My heart beat hard, and I wished I had on my boots, my running shoes, anything. Instinct told me to run. Instinct told me he was dangerous.
I could handle dangerous. Dangerous and me went back a long way. We did lunch when dangerous was in town.
The m
an lifted a hand toward me and I felt, very clearly, his fingers, like heated oil, slide down my spine, thump over each vertebra, and then squeeze.
I caught my breath because it felt really real. And it creeped me the hell out.
I let the curtain drop and stepped away from the window. Groping someone without their permission was against the law, magic or no magic. Breaking the line of vision was usually enough to dispel that kind of spell. But just in case, I backed away to the door and made a warding gesture. The sensation of his hand down my back had already faded, so I didn’t invoke a spell or draw any magic into that ward, but I rubbed my hands up and down my arms trying to rid myself of the sense of violation.
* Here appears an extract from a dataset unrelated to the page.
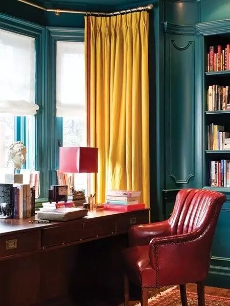 2.亮黄色的窗帘与椅子相呼应,还好选的椅子面积很小,不然大面积的饱和色空间估计很难舒服的呆着。于此同时也遵守了前面第一个原则,比墙面深了几度。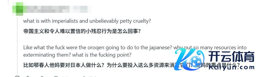 “我不睬解为什么日本帝国主义的狂躁会到如斯令东谈主发指的地步?鄂伦春对日本东谈主怎么了?他妈的为什么要针对这样一个弱小的族群?为什么要参预这样多资源死灭他们?日本东谈主他妈的到底是图个啥?”

His touch might be gone, but my heart was still pounding. That had been familiar. That man down there, whoever he was, had touched me before.
I tried to draw up a memory that he fit. A client? An acquaintance? Someone from college? An associate of my father’s? But where there should be a name, or a defined face in my memory, all I found was black static.
A chill rattled under my skin and I clenched my hands into fists, then shook them out. That man touched me, bone deep, without my consent. He knew me. And he knew I was here, up here, in this room.
“Oh, hell,” I whispered.
There was no way I was going to just sit here. For all I knew, he was on his way up now. I didn’t know why, but getting away from him, shaking the scent of him—rot, and something like licorice or honey mixed with the faint whiff of formaldehyde—had become the top item on my agenda for the day.
Okay, I wanted out, out of here, out fast.
I looked for my backpack and found it on the wooden chair by the bed. I picked it up, took the time to shove my feet into my shoes and tie the laces so I wouldn’t trip. I pulled on my coat, patting my pocket to make sure the book was there.
The other pocket had money, so I pulled out a twenty and threw it on the mattress. Mama’s generosity was a bridge I didn’t want to burn.